Descriptive Statistics¶
Descriptive statistics, correlation matrices, covariance, quantiles (all 9 R types), skewness, and kurtosis.
Descriptive statistics module.
Provides comprehensive descriptive statistics matching R’s implementations, with optional GPU acceleration for large datasets.
- Public API:
describe(data) - All statistics at once cor(x) - Correlation matrix (Pearson, Spearman, Kendall) cov(x) - Covariance matrix (Bessel-corrected) var(x) - Variance (Bessel-corrected) quantile(x) - Quantiles (all 9 R types) summary(x) - Six-number summary (Min, Q1, Median, Mean, Q3, Max)
- pystatistics.descriptive.describe(data, *, use='everything', quantile_type=7, backend='auto')[source]¶
Compute comprehensive descriptive statistics.
Computes: mean, variance, standard deviation, covariance matrix, Pearson correlation, quantiles (0, 0.25, 0.5, 0.75, 1), skewness, kurtosis, and six-number summary.
- Parameters:
data (array-like or DescriptiveDesign) – 1D or 2D data matrix.
use (str) – Missing data handling. ‘everything’ (propagate NaN), ‘complete.obs’ (listwise deletion), ‘pairwise.complete.obs’ (pairwise deletion for cor/cov).
quantile_type (int) – R quantile type (1-9). Default 7 matches R default.
backend (str) – ‘auto’, ‘cpu’, ‘gpu’.
- Return type:
DescriptiveSolution with all statistics populated.
- pystatistics.descriptive.cor(x, y=None, *, method='pearson', use='everything', backend='auto')[source]¶
Compute correlation matrix. Matches R cor().
- Parameters:
x (array-like or DescriptiveDesign) – 2D data matrix (columns are variables), or DescriptiveDesign.
y (array-like, optional) – Second variable (1D). If provided, computes cor(x, y) by stacking as a 2-column matrix.
method (str) – ‘pearson’, ‘spearman’, ‘kendall’.
use (str) – Missing data handling.
backend (str) – ‘auto’, ‘cpu’, ‘gpu’.
- Return type:
DescriptiveSolution with correlation matrix populated.

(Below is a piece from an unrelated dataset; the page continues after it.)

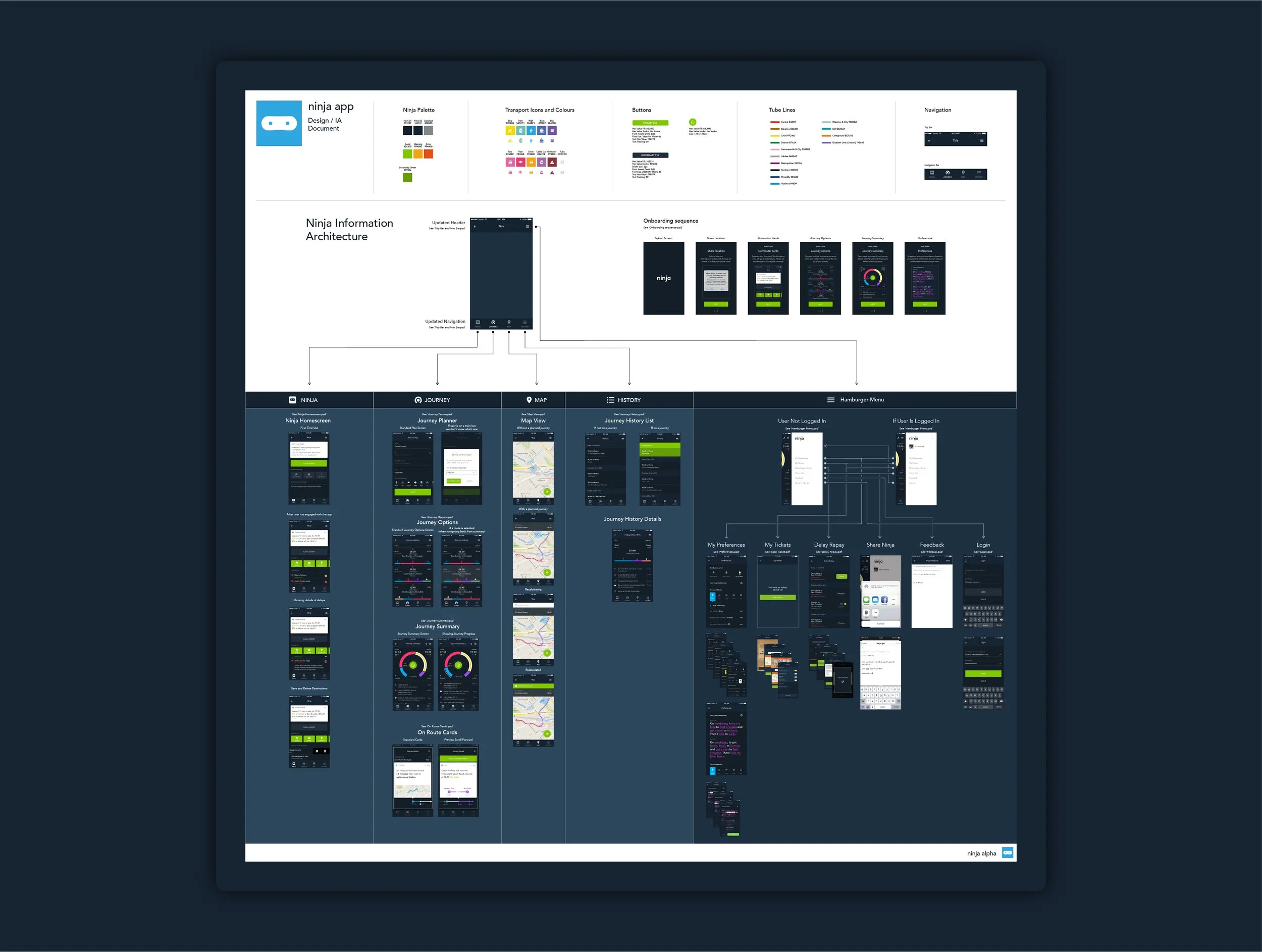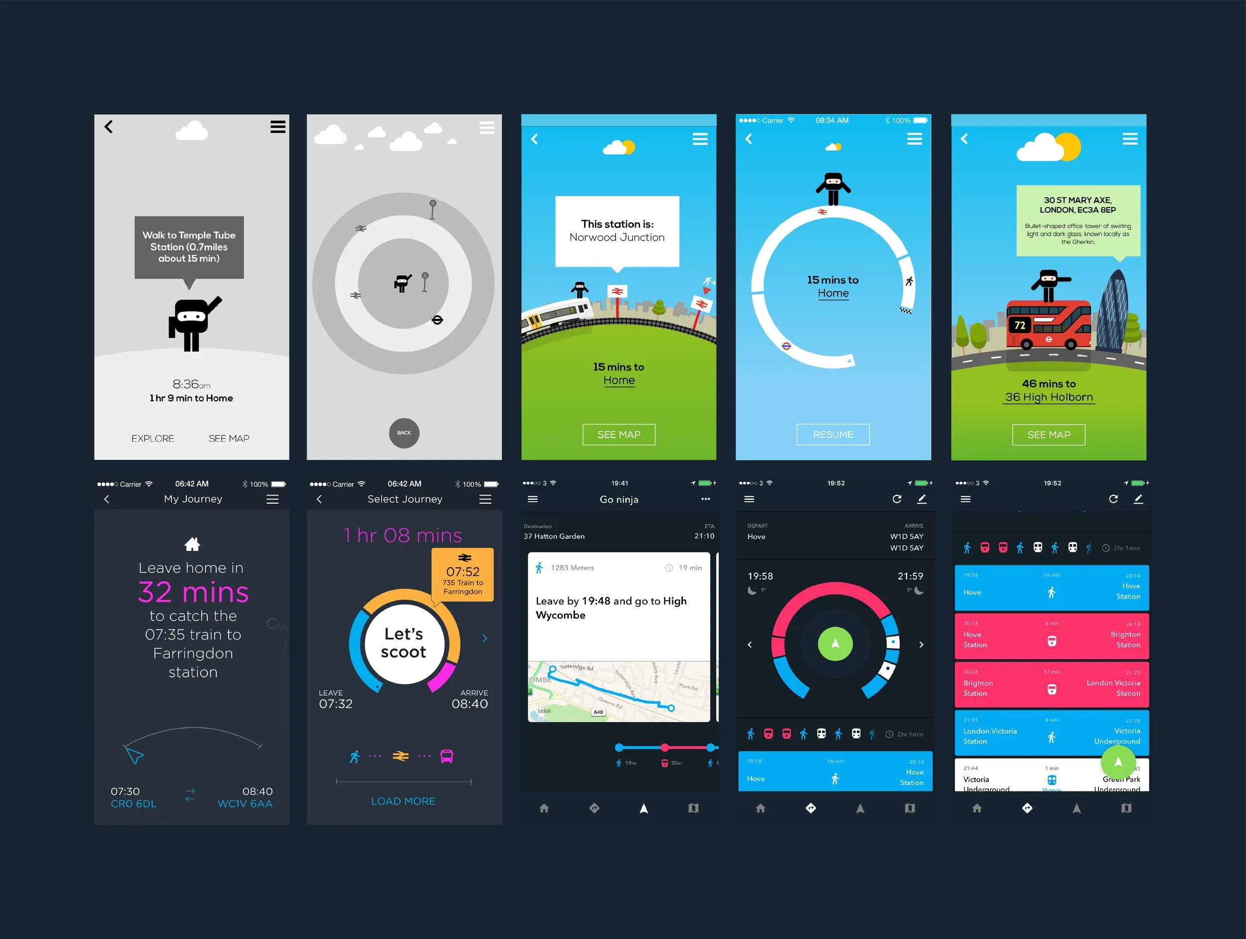 During an ideation workshop we can up with the concept of a ‘scene’ which revolved around a central point. Our character ‘Ninja’ would hover above the modes of transport and give you notifications during your journey. This created a fun and intuitive way to interact with the app.

- pystatistics.descriptive.cov(x, y=None, *, use='everything', backend='auto')[source]¶
Compute covariance matrix (Bessel-corrected, n-1). Matches R cov().
- Parameters:
x (array-like or DescriptiveDesign) – 2D data matrix (columns are variables).
y (array-like, optional) – Second variable (1D).
use (str) – Missing data handling.
backend (str) – ‘auto’, ‘cpu’, ‘gpu’.
- Return type:
DescriptiveSolution with covariance_matrix populated.
- pystatistics.descriptive.var(x, *, use='everything', backend='auto')[source]¶
Compute variance (Bessel-corrected, n-1). Matches R var().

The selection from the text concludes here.